**Exercise**
Repeat the stretch of entries below from the line with "Онежская палеопротерозойская синклинорная" through the line with "2、在我的頁面,點擊地址管理選項,進(jìn)入該界面。". Include both ends and add nothing.

**Given data**
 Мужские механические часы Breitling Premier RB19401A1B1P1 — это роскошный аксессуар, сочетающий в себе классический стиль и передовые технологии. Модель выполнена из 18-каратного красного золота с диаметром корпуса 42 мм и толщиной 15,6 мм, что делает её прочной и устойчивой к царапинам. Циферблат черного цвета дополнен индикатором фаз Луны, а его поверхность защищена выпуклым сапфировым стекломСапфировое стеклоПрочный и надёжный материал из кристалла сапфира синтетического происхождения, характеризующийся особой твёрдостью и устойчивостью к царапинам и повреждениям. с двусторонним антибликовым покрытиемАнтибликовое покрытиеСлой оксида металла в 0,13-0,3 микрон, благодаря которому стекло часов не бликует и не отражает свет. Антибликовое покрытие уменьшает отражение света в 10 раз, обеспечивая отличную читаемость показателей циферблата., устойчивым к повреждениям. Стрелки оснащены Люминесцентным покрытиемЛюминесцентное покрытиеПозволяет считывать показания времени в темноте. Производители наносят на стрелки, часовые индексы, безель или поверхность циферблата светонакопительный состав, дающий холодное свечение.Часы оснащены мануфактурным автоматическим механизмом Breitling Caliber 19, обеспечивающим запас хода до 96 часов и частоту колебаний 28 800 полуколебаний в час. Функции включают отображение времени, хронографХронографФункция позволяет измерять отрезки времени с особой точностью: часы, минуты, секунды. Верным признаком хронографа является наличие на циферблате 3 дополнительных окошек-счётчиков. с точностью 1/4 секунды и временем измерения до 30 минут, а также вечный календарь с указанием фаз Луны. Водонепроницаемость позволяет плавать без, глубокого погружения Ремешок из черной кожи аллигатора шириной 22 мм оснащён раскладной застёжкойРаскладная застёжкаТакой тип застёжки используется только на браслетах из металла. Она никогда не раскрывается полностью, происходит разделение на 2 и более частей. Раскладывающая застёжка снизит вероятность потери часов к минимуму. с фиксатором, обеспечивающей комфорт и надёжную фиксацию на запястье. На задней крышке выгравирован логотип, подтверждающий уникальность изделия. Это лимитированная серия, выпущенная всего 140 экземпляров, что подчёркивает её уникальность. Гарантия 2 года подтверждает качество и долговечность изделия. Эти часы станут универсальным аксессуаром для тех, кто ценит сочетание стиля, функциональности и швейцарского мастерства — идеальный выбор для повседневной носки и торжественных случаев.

==

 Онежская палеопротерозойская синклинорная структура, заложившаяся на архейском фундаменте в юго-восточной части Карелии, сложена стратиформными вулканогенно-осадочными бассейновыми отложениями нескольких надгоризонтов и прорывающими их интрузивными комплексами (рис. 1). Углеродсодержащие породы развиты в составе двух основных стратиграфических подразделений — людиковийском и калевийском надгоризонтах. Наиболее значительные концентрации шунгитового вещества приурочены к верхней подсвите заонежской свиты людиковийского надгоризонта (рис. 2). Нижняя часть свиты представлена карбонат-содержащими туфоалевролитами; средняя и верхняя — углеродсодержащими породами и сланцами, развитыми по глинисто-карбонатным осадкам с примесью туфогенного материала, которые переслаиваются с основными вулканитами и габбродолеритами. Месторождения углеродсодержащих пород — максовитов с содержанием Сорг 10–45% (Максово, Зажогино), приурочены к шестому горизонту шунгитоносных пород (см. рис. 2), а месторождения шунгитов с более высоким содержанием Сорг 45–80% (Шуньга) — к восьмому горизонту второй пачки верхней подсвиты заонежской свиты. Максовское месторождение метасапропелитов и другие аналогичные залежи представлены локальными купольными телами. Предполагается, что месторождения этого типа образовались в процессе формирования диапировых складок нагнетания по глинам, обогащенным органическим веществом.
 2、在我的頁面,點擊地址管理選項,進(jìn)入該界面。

**Exercise answer**
 Онежская палеопротерозойская синклинорная структура, заложившаяся на архейском фундаменте в юго-восточной части Карелии, сложена стратиформными вулканогенно-осадочными бассейновыми отложениями нескольких надгоризонтов и прорывающими их интрузивными комплексами (рис. 1). Углеродсодержащие породы развиты в составе двух основных стратиграфических подразделений — людиковийском и калевийском надгоризонтах. Наиболее значительные концентрации шунгитового вещества приурочены к верхней подсвите заонежской свиты людиковийского надгоризонта (рис. 2). Нижняя часть свиты представлена карбонат-содержащими туфоалевролитами; средняя и верхняя — углеродсодержащими породами и сланцами, развитыми по глинисто-карбонатным осадкам с примесью туфогенного материала, которые переслаиваются с основными вулканитами и габбродолеритами. Месторождения углеродсодержащих пород — максовитов с содержанием Сорг 10–45% (Максово, Зажогино), приурочены к шестому горизонту шунгитоносных пород (см. рис. 2), а месторождения шунгитов с более высоким содержанием Сорг 45–80% (Шуньга) — к восьмому горизонту второй пачки верхней подсвиты заонежской свиты. Максовское месторождение метасапропелитов и другие аналогичные залежи представлены локальными купольными телами. Предполагается, что месторождения этого типа образовались в процессе формирования диапировых складок нагнетания по глинам, обогащенным органическим веществом.
 2、在我的頁面,點擊地址管理選項,進(jìn)入該界面。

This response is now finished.